The majority asserts that the fight outside the hogan resulted in only minor injuries to the Defendant. However, that views the evidence most favorable to the Government. When evaluating whether a lesser included charge should be submitted to the jury, we have to ask whether there was evidence upon which that charge could be predicated. Here, there certainly was evidence upon which a jury could conclude that the fatal injuries were administered at the hogan during the stomping of Defendant. Indeed, his fatal injuries were internal and not inconsistent even with Marie Tsosie’s testimony.

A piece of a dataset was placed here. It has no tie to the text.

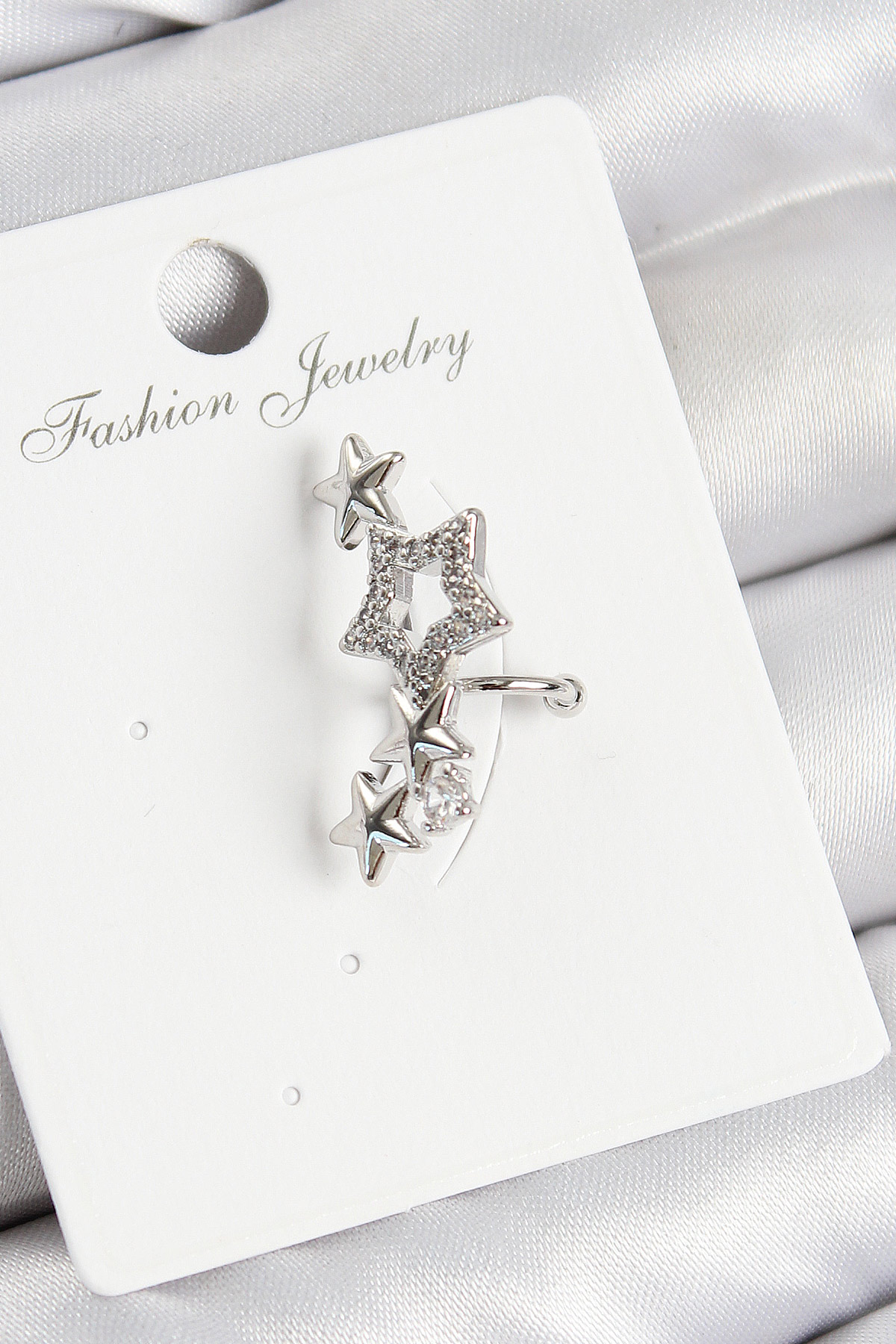 Pirinç Zirkon Taşlı Yıldız Model Gümüş Renk Sağ Kıkırdak Küpe - TJ-BKP11001

The record is not clear as to the severity of the blows, if any, delivered by Defendant to Smith in the ear and in the wash. Hair that had been yanked from Smith’s head was found in Benally’s car, but the record is not clear whether Benally or Defendant was responsible for that. (See Tr. Rec. Aug. 9 at 543.) Benally and Defendant told investigators that there was some fighting between Smith and Defendant both in the car and in the wash, but the record is equivocal as to the severity of the fighting and the relative degrees of Benally’s and Defendant’s participation in that fighting. (See Tr. Rec. Aug. 13 at 900, 972.) Even though Defendant’s lawful act of self-defense may have terminated at the point when he and Benally placed Smith in Benally’s car, the jury could easily have found on this record that all of the serious bodily injury leading to Smith’s ultimate death had been done to Smith at the hogan and that none of the blows applied to Smith’s person after that were of a nature to result in serious bodily injury or to cause Smith’s death. In short, the jury could have found that after Smith’s beating at the hogan his demise was a foregone conclusion, and that nothing that happened afterward affected or accelerated Smith’s fate — e.g. that Smith received the ruptured liver and head hematoma injuries during the fight at the hogan and that those injuries caused his death. In this way the jury could have found that Defendant caused Smith’s death during the performance of the lawful act of self-defense done with unlawfully excessive force. Thus, I conclude that Defendant was entitled to an involuntary manslaughter instruction.
For the above reasons, I conclude that it was reversible error for the district court to deny Defendant’s requested jury instruction on involuntary manslaughter. Accordingly, I respectfully DISSENT.